Economic slowdown heading to GFC levels

Related Story: Mortgages dip below 3pc for the first time as lenders slash fixed rates ahead of RBA cut Related Story: Reserve Bank poised to cut interest rates in June

In the compartmentalised world of information constructed by former US defence secretary Donald Rumsfeld, this is a week for “known knowns” rather than the more common “known unknowns” in the Australian economy.

It is also an important week with most eagerly anticipated Reserve Bank board meeting (Tuesday) since the last one and the release of latest measure of economic growth in the first quarter (Q1) National Accounts (Wednesday).

The market has pencilled in a 0.25 percentage point cut from the RBA as a “known known”.

It has been sitting at a 100 per cent certainty for pretty well the past fortnight, although lessons on assumed known knowns can drawn from a betting agency paying out on a Labor win ahead of the result last month.

Roman statesman, general and philosopher Pliny the Elder would probably chip in with “The only certainty, is nothing is certain” — a quote that sadly doesn’t cut in these days demanding absolute, black and white certainty and opinion.

External Link: RBA rate indicator

The “unknown unknown” is what happens next?
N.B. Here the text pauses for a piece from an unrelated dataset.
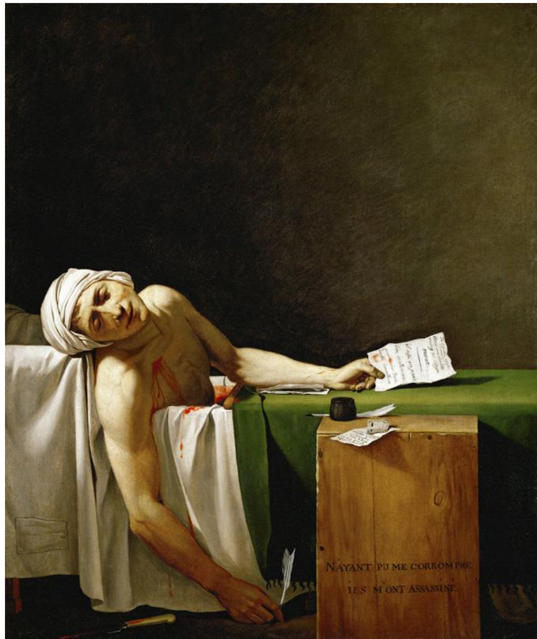
Jacques Louis David, leto 1793, Umorjeni Marat
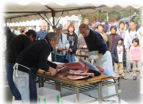
今年もいい本マグロだ！！

Is it a one-and-done cut? Unlikely.

Two cuts before the end of the year is the market favourite.

Four cuts into next year, taking the official cash rate to 0.5 per cent, is gaining traction in the market, but still an outlier.

The big French investment bank Societe Generale split the difference and had a punt on three cuts; two in pretty quick succession for domestic issues and third deep into next year on a gloomy global worldview.